Alula berhenti. Sementara Aruni bergerak mendekat.
“Aku nggak pernah menggoda Mas Yongki, tapi kamu yang telah merebutnya dariku. Memang, pernikahan paksa tanpa cinta itu sudah lazim di masyarakat. Nanti, cinta bakal tumbuh dengan sendirinya. Tapi kalau pernikahan berlandaskan kebohongan dan perebutan, sepertinya akan buruk akibatnya.” Alula menatap Aruni dari atas sepeda motornya.
“La, kamu berani sama aku? Berani mendoakan buruk padaku? Dasar anak pe la cur!”
“Runi, cukup!” bentak Yongki dari kejauhan. Ia bergerak mendekat.
“Sekarang kita buat kesepakatan. Run, aku akan tetap melanjutkan pernikahan kita asal kamu berjanji tidak mengganggu Alula sampai kapan pun. Dan pilihan kedua, kita pisah kalau kamu masih mengusik Alula.”
Aruni diam dengan napas memburu mendengar penuturan Yongki. Alula memilih pergi saja dari sana. Namun, ketika akan menyalakan sepeda motor, Jasman datang bersama seorang pria. Alula yang akan pergi, urung. Ia mendekati Jasman dan mencium tangan pria yang tidak menikah lagi setelah menduda itu takzim.
“Aku pergi dulu, Yah. Tadi nyari Bang Adi, tapi nggak ada,” papar Alula.

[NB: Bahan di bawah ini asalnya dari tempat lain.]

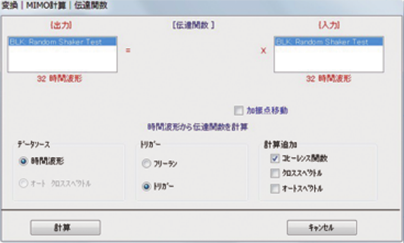 多点同時入力・多点応答の時刻暦波形から伝達関数を計算します。オートスペクトルとクロススペクトルから計算することも可能です。時間波形を使用する際には窓関数(Rectangular/Hanning /Flat Top)やアベレージング(ピークホールド、オーバーラップ)の設定が可能です。コヒーレンス関数も計算します。
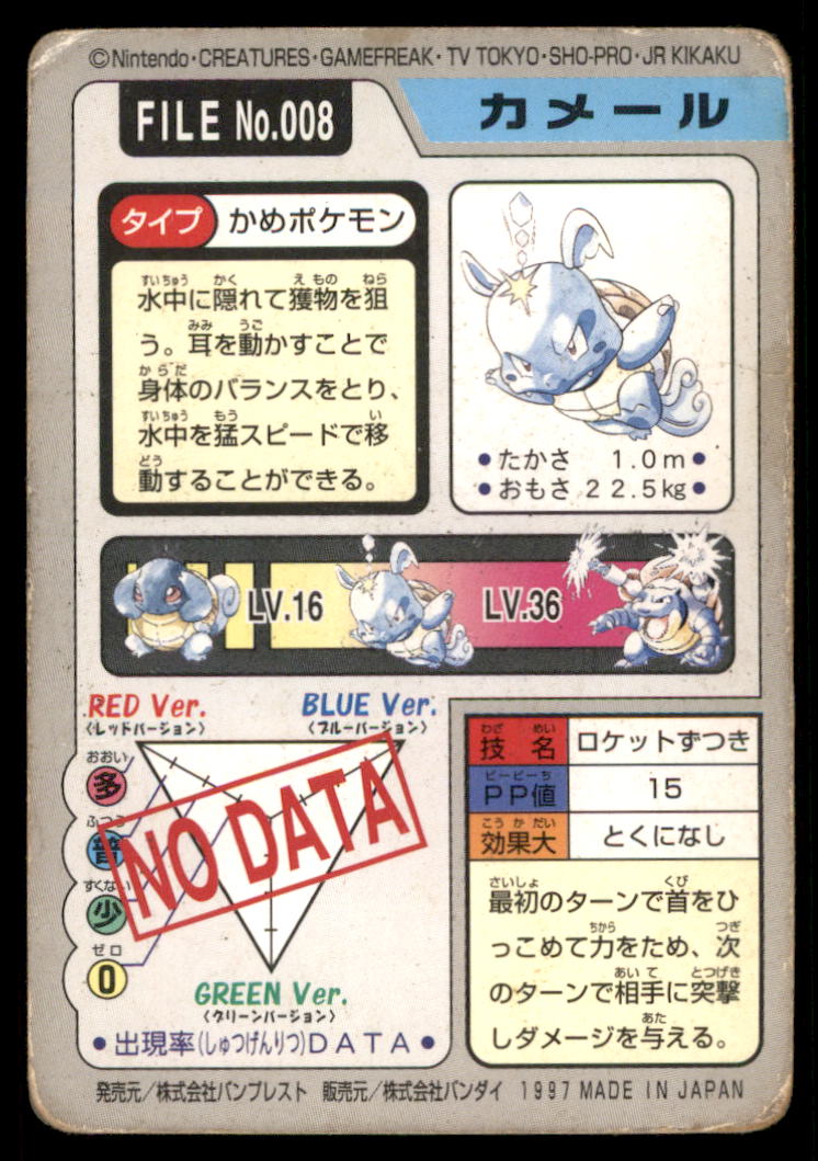 Wartortle Bandai Carddass Holo 1997 Japanese Pokemon Card
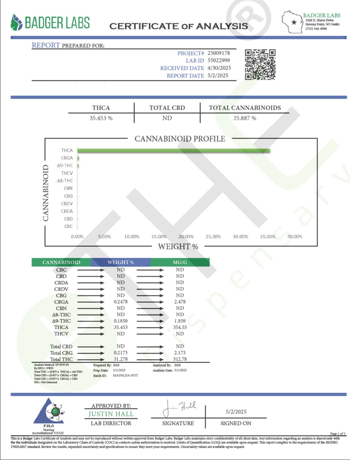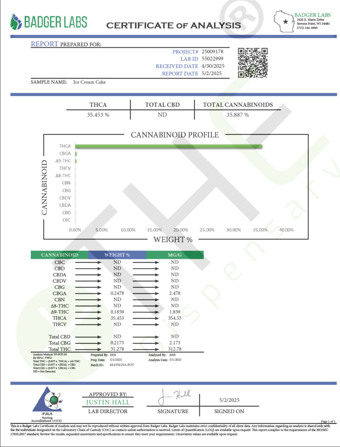Ice Cream Fruity Pebbles, also known as Fruity Pebbles Ice Cream, is a balanced hybrid cannabis strain celebrated for its sweet, cereal-like flavors and versatile effects. This particular batch features an exceptionally high THCa content of 35.45%, making it a powerhouse for users seeking intense therapeutic or recreational benefits once decarboxylated into THC.
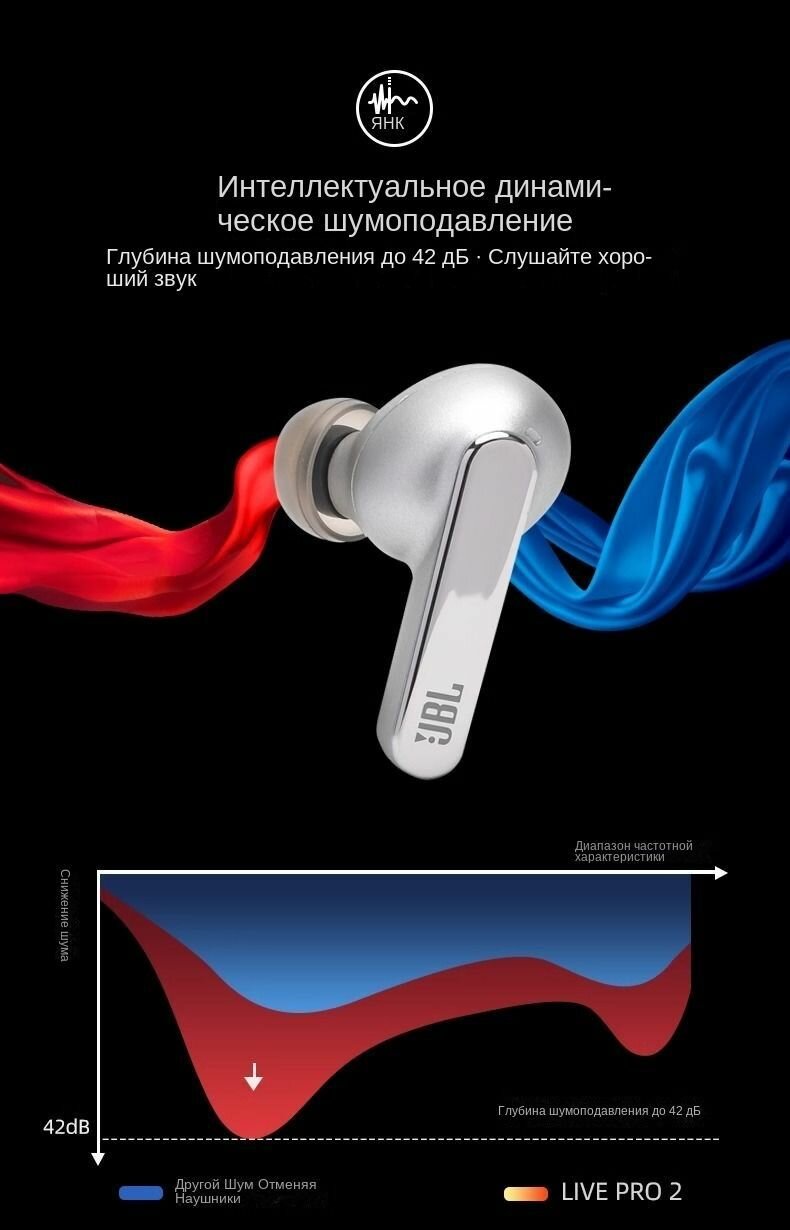 СохранитьБеспроводная Bluetooth-гарнитура JBL LIVE PRO 2 TWS true с шумоподавлением, водонепроницаемые вкладыши интересное:

Wajah datar dan dingin Jasman mengamati sang putri. “Kebetulan kamu ada di sini. Ada yang ingin saya bicarakan ke kamu. Masuklah dulu ke rumah.”
Jasman berjalan dulu, diikuti orang yang bersamanya tadi. Yongki yang penasaran, mengurungkan sejenak niatnya mengecek laundry di Kediri. Ia ikut mengekor di belakang Alula. Aruni kembali bergelayut di lengan sang suami.
Alula duduk. Ia seperti tengah disidang oleh Jasman.
“Tidak perlu banyak kata, saya ingin kamu juga segera menikah agar tidak mengganggu pernikahan Aruni,” ujar Jasman langsung.
“Bersama orang yang bersama saya ini.” Jasman menunjuk pria di sebelahnya yang dari tadi bersamanya.
“A-apa?” Mulut Alula menganga.
“Aku setuju, Pa.” Aruni begitu antusias.
Mata Alula mengembun. Ia menatap pria yang dimaksud sang ayah. Pria itu memiliki wajah khas penderita ... down syndrome.